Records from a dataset
---*---
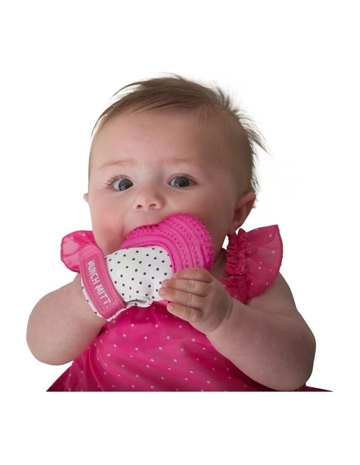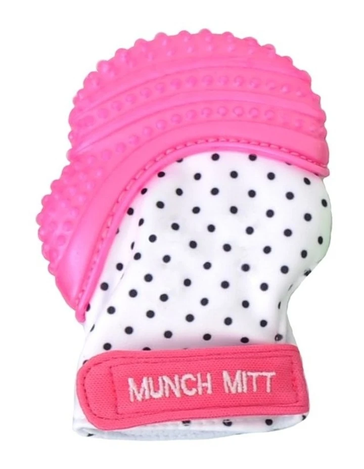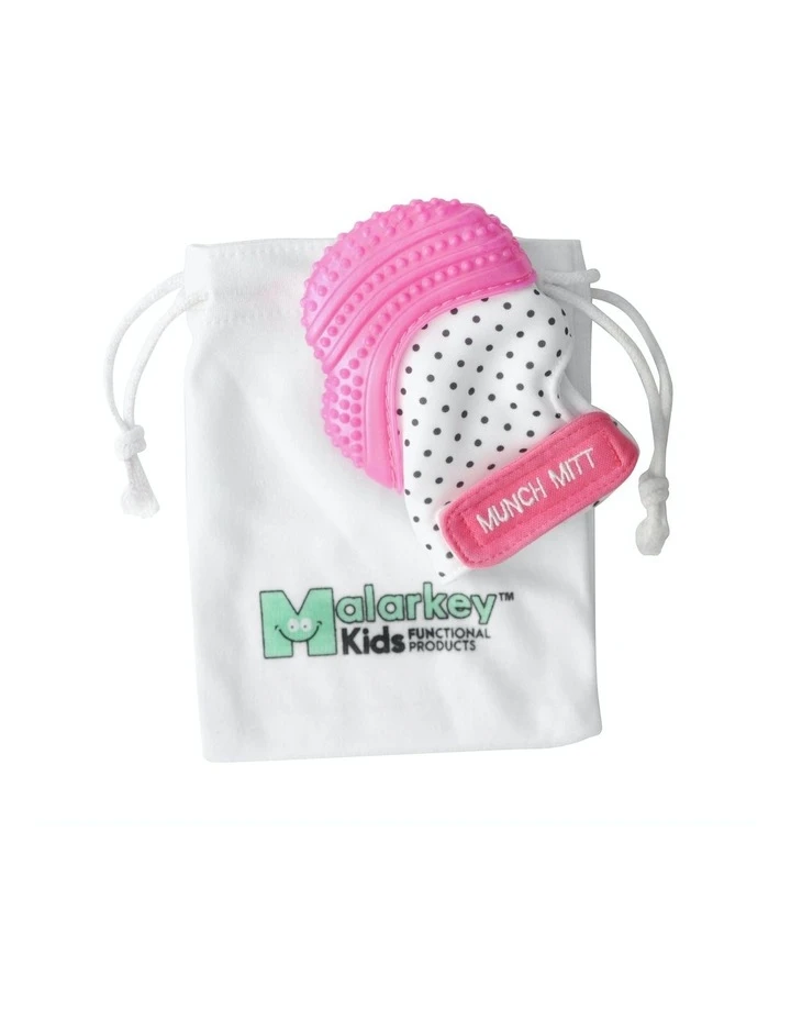 The Malarkey Kids Munch Mitt is the original, mom-created teething mitten that babies love. A handy solution for infants of all ages and sizes, the Munch Mitt provides relief from teething pain in a safe, easy-to-clean product that goes wherever they do. Suggested age range 3-7 months. The Munch Mitt is made from 100% food-grade silicone and is BPA and phthalate-free. The textured flexible silicone surface provides soothing teething relief. It has a secure adjustable strap and protects babys hands from excess saliva and chewing. It also comes with a washable travel pouch.
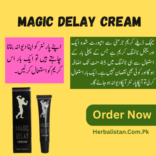 Magic Delay Cream is an imported, original German-made solution for premature ejaculation, designed to extend sexual performance up to 45 minutes. This 100% herbal, side-effect-free cream enhances timing by reducing penile sensitivity, ensuring longer-lasting intimacy. Simply apply 30 minutes before sex for optimal results. Ideal for men of all ages, it promotes confidence and satisfaction without compromising sensation. As the best cream for timing, Magic Delay Cream guarantees a mess-free, quick-absorbing application for a fulfilling experience. Order now to elevate your sexual stamina and enjoy prolonged pleasure effortlessly!
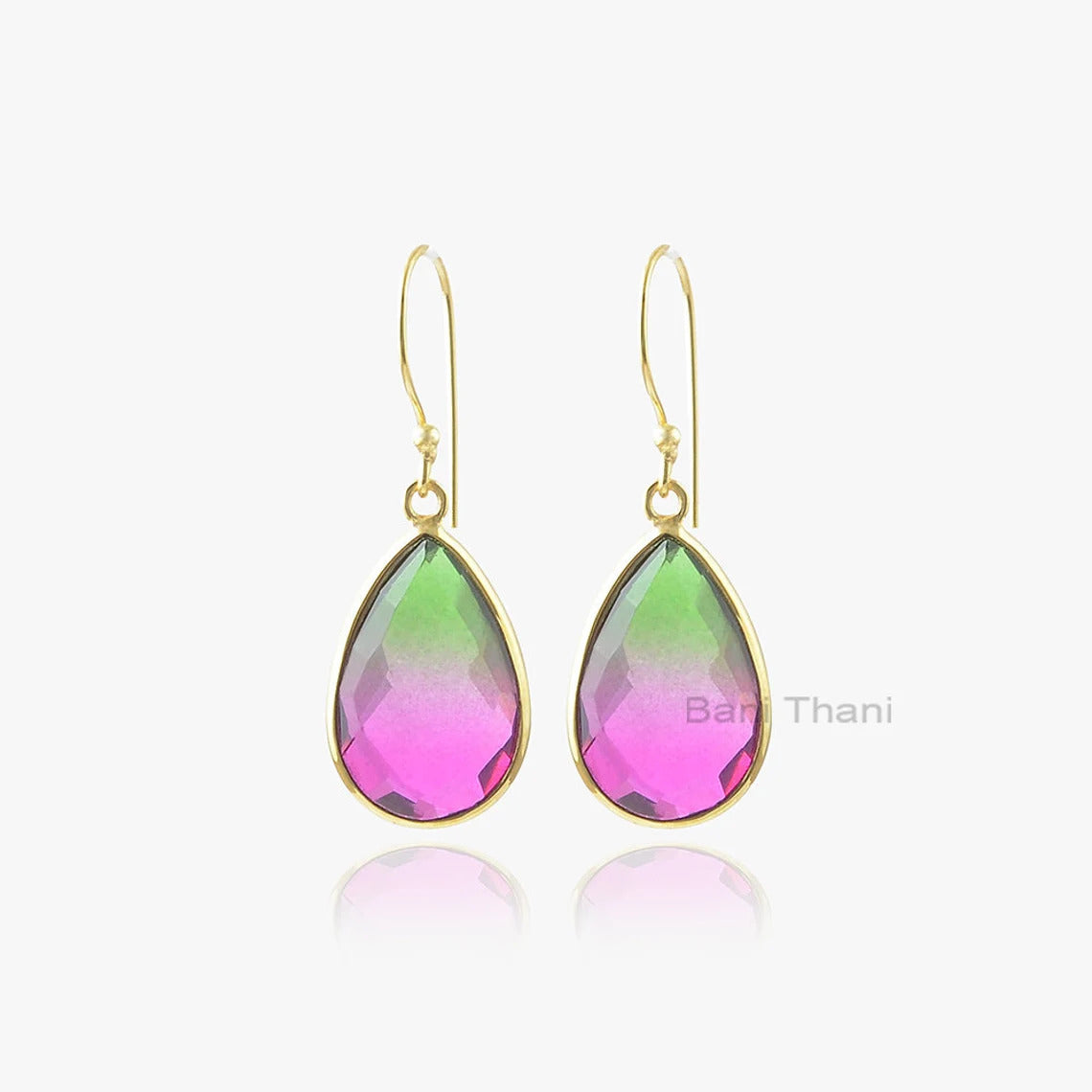 Tourmaline Earrings-Bio Tourmaline Quartz 12x17mm Pear Silver Earrings-Gemstone Earrings-Dangle Earrings-Gold Plated Earrings-Gift For Her
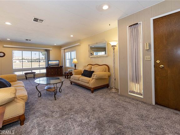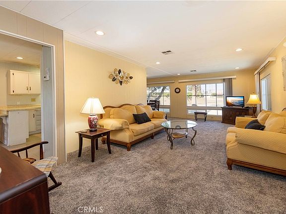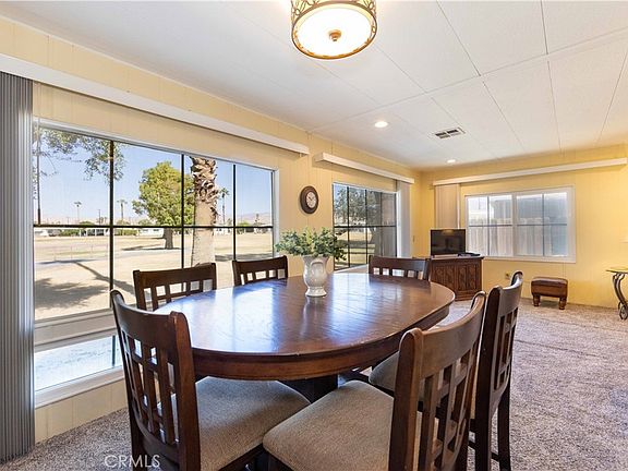 Welcome to your dream retreat, a 55+ community in Thousand Palms! Unlimited golf !! This stunning 2-bedroom, 2-bath property is nestled right by the golf courts, promising a tranquil and picturesque setting for your getaway. With an open floor plan, a charming patio, and a sunroom, this vacation home offers a perfect blend of relaxation and entertainment.
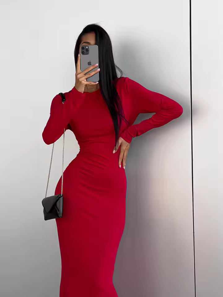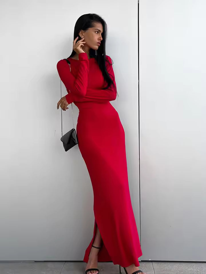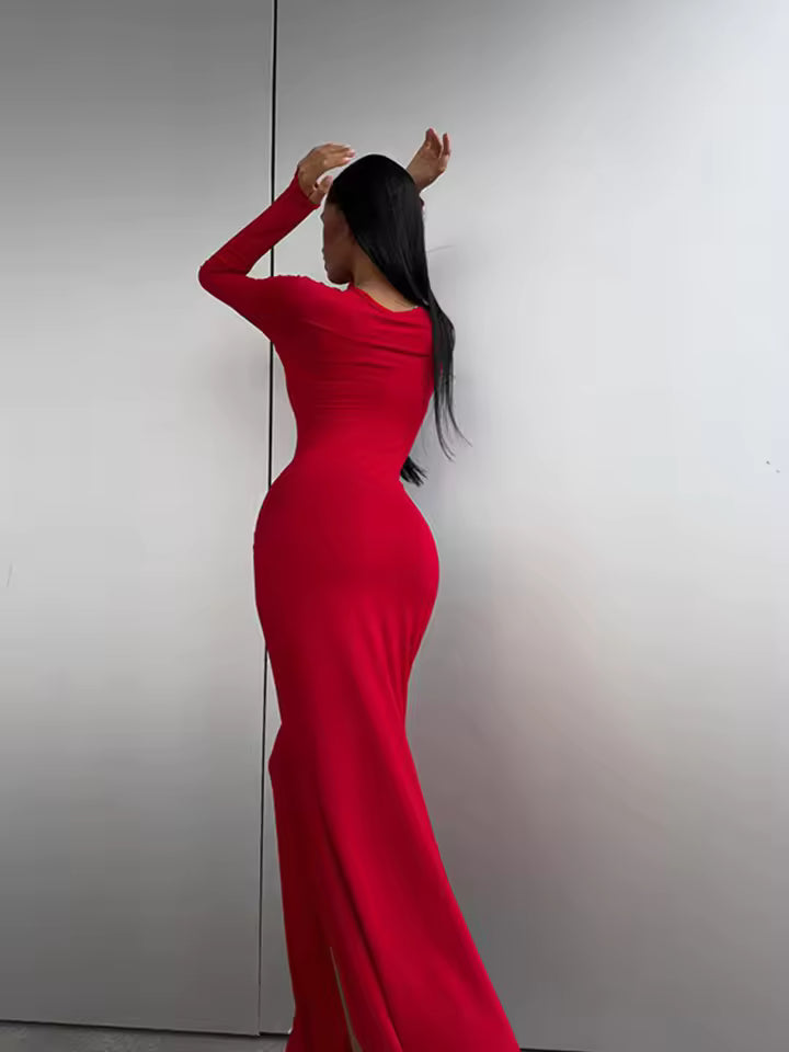 Le col O-neck apporte une touche de simplicité chic, équilibrant parfaitement le côté sensuel de la robe pour un look harmonieux et glamour.
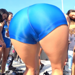 Lovely Teen Babe Bending Over Her Cart in See Through Leggings
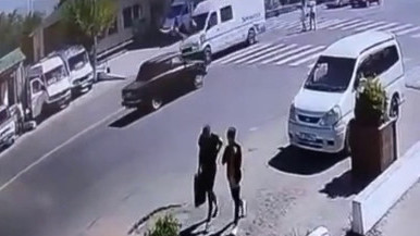 Кеминде катуу ылдамдыктагы кичи автобус жөө адамды өлтүрө сүзгөн учур видеого түшүп калды
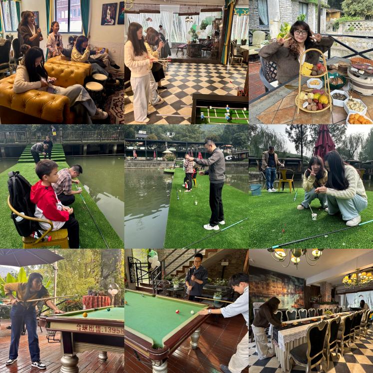 置身于远离尘嚣的青山茶园之间,老师们暂别平日忙碌的工作,尽情享受秋日的惬意。活动现场氛围轻松热烈:垂钓区旁,他们耐心沉稳,享受宁静时光;台球桌上,巧思妙打,尽显活力;K歌房中,歌声悠扬,掌声不断;桌游桌旁,谈笑风生,其乐融融。
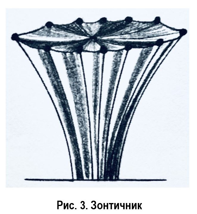 Растения Яйца добывают пропитание, извлекая энергию из горячей звездной коры при помощи корневой системы, а затем отводя отработанное тепло в прохладное небо. Один из основных представителей звездной флоры – это лепестковое растение, также известное, как зонтичник (см. рис. 3). Их корневая система состоит из одного стержневого корня, уходящего вглубь коры. От корня отделяются двенадцать «стволов» – крепких, искривленных элементов, работающих на сжатие, и соединенных с центральной опорой при помощи нитей напряжения. Между каждым из стволов и верхней частью растения натянута мембранная «кожица». Верхняя мембрана, обращенная к холодному небу, имеет темный цвет и отличается высокой излучательной способностью. Каждый из двенадцати стволов оканчивается органами, отвечающими за рассеивание и сбор пыльцы.
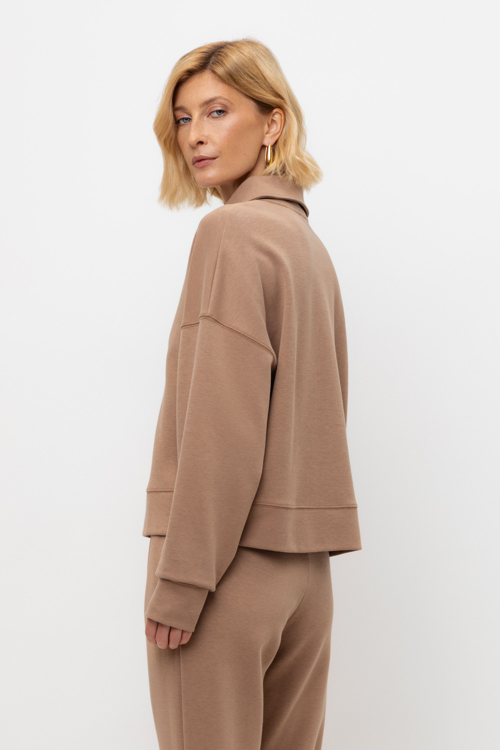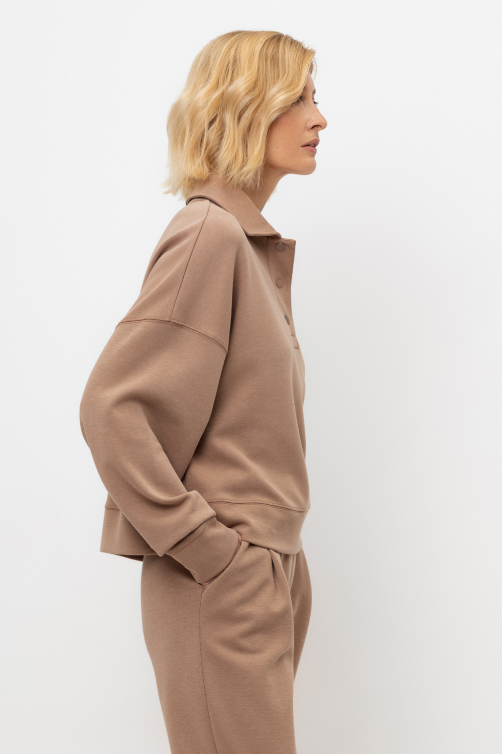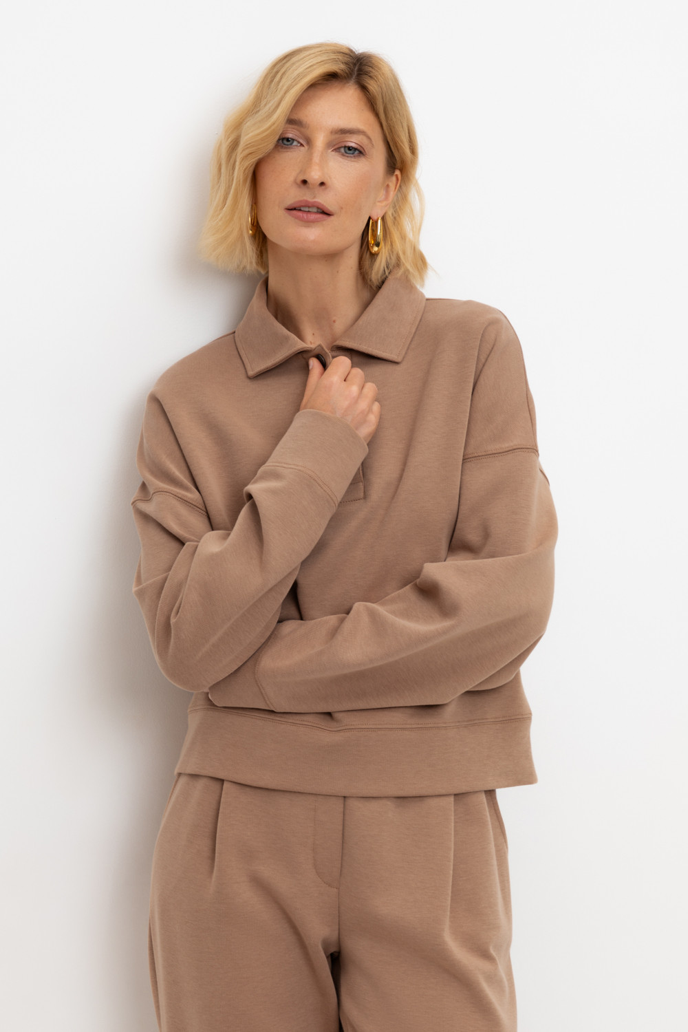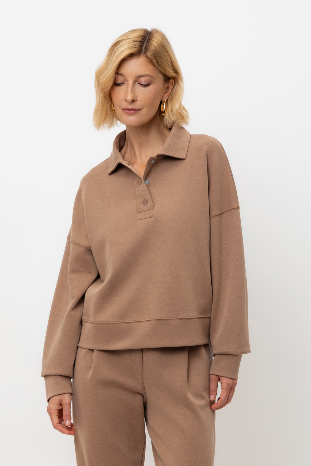 Джемпер-поло из высококачественного трикотажного полотна. За счет фактуры переплетения и специальных обработок сохраняют силуэт и форму. Хлопок в составе добавляет комфорт при носке. Выделяется благодаря спущенной линии плеча, что отличает его от традиционных моделей. Широкие манжеты и пояс формируют расслабленный стиль.
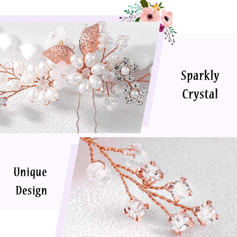 - ★Wedding hair pin approx size:3.9*3.2Inches (10*8cm); Color: Rose gold;
---*---
WHAT NEEDS TO BE DONE
Each entry should appear again exactly as written, pictures excluded.

YOUR RESPONSE
 The Malarkey Kids Munch Mitt is the original, mom-created teething mitten that babies love. A handy solution for infants of all ages and sizes, the Munch Mitt provides relief from teething pain in a safe, easy-to-clean product that goes wherever they do. Suggested age range 3-7 months. The Munch Mitt is made from 100% food-grade silicone and is BPA and phthalate-free. The textured flexible silicone surface provides soothing teething relief. It has a secure adjustable strap and protects babys hands from excess saliva and chewing. It also comes with a washable travel pouch.
 Magic Delay Cream is an imported, original German-made solution for premature ejaculation, designed to extend sexual performance up to 45 minutes. This 100% herbal, side-effect-free cream enhances timing by reducing penile sensitivity, ensuring longer-lasting intimacy. Simply apply 30 minutes before sex for optimal results. Ideal for men of all ages, it promotes confidence and satisfaction without compromising sensation. As the best cream for timing, Magic Delay Cream guarantees a mess-free, quick-absorbing application for a fulfilling experience. Order now to elevate your sexual stamina and enjoy prolonged pleasure effortlessly!
 Tourmaline Earrings-Bio Tourmaline Quartz 12x17mm Pear Silver Earrings-Gemstone Earrings-Dangle Earrings-Gold Plated Earrings-Gift For Her
 Welcome to your dream retreat, a 55+ community in Thousand Palms! Unlimited golf !! This stunning 2-bedroom, 2-bath property is nestled right by the golf courts, promising a tranquil and picturesque setting for your getaway. With an open floor plan, a charming patio, and a sunroom, this vacation home offers a perfect blend of relaxation and entertainment.
 Le col O-neck apporte une touche de simplicité chic, équilibrant parfaitement le côté sensuel de la robe pour un look harmonieux et glamour.
 Lovely Teen Babe Bending Over Her Cart in See Through Leggings
 Кеминде катуу ылдамдыктагы кичи автобус жөө адамды өлтүрө сүзгөн учур видеого түшүп калды
 置身于远离尘嚣的青山茶园之间,老师们暂别平日忙碌的工作,尽情享受秋日的惬意。活动现场氛围轻松热烈:垂钓区旁,他们耐心沉稳,享受宁静时光;台球桌上,巧思妙打,尽显活力;K歌房中,歌声悠扬,掌声不断;桌游桌旁,谈笑风生,其乐融融。
 Растения Яйца добывают пропитание, извлекая энергию из горячей звездной коры при помощи корневой системы, а затем отводя отработанное тепло в прохладное небо. Один из основных представителей звездной флоры – это лепестковое растение, также известное, как зонтичник (см. рис. 3). Их корневая система состоит из одного стержневого корня, уходящего вглубь коры. От корня отделяются двенадцать «стволов» – крепких, искривленных элементов, работающих на сжатие, и соединенных с центральной опорой при помощи нитей напряжения. Между каждым из стволов и верхней частью растения натянута мембранная «кожица». Верхняя мембрана, обращенная к холодному небу, имеет темный цвет и отличается высокой излучательной способностью. Каждый из двенадцати стволов оканчивается органами, отвечающими за рассеивание и сбор пыльцы.
 Джемпер-поло из высококачественного трикотажного полотна. За счет фактуры переплетения и специальных обработок сохраняют силуэт и форму. Хлопок в составе добавляет комфорт при носке. Выделяется благодаря спущенной линии плеча, что отличает его от традиционных моделей. Широкие манжеты и пояс формируют расслабленный стиль.
 - ★Wedding hair pin approx size:3.9*3.2Inches (10*8cm); Color: Rose gold;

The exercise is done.